→ **About this exercise**: Where the line containing "Tesla Android 10" appears, end your copy; everything from the first line of the records below up to and including it must be reproduced exactly.

→ **Record set**:
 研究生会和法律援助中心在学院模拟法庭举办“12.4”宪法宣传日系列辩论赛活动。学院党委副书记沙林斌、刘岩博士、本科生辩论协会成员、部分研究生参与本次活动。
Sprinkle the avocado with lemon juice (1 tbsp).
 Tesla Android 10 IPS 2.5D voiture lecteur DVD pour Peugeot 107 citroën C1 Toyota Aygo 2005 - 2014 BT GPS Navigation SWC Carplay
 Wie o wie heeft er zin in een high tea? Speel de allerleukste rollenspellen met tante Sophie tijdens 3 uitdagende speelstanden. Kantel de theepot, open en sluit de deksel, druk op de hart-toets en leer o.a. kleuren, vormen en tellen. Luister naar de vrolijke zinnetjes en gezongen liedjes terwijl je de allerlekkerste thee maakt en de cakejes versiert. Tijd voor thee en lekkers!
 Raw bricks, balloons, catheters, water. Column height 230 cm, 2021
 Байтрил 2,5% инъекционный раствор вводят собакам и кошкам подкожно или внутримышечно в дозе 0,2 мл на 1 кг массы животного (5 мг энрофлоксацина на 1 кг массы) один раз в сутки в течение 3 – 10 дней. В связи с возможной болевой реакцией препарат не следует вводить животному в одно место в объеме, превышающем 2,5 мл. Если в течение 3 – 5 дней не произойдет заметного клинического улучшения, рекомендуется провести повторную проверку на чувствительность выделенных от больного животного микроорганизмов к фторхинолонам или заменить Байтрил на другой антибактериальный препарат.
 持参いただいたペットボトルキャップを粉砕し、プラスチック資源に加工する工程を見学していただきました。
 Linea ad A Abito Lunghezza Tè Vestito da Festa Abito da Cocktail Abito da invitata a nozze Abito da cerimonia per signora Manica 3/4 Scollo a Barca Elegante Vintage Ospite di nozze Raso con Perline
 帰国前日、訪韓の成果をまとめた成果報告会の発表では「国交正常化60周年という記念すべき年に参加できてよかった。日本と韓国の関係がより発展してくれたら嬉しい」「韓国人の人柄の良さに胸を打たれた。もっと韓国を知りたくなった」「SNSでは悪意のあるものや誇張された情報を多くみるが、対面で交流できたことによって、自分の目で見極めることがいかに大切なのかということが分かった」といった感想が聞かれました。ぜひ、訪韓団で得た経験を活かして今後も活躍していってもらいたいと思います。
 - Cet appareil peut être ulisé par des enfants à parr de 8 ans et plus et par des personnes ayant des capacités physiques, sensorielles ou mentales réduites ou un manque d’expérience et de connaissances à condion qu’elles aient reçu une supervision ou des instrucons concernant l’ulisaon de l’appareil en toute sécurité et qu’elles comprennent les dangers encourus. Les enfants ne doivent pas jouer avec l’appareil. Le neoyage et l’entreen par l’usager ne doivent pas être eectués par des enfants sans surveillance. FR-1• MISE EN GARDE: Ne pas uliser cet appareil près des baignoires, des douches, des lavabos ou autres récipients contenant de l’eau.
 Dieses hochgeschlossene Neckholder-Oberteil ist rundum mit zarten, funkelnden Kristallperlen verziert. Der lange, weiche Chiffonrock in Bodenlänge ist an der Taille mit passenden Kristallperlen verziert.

→ **Written response**:
 研究生会和法律援助中心在学院模拟法庭举办“12.4”宪法宣传日系列辩论赛活动。学院党委副书记沙林斌、刘岩博士、本科生辩论协会成员、部分研究生参与本次活动。
Sprinkle the avocado with lemon juice (1 tbsp).
 Tesla Android 10 IPS 2.5D voiture lecteur DVD pour Peugeot 107 citroën C1 Toyota Aygo 2005 - 2014 BT GPS Navigation SWC Carplay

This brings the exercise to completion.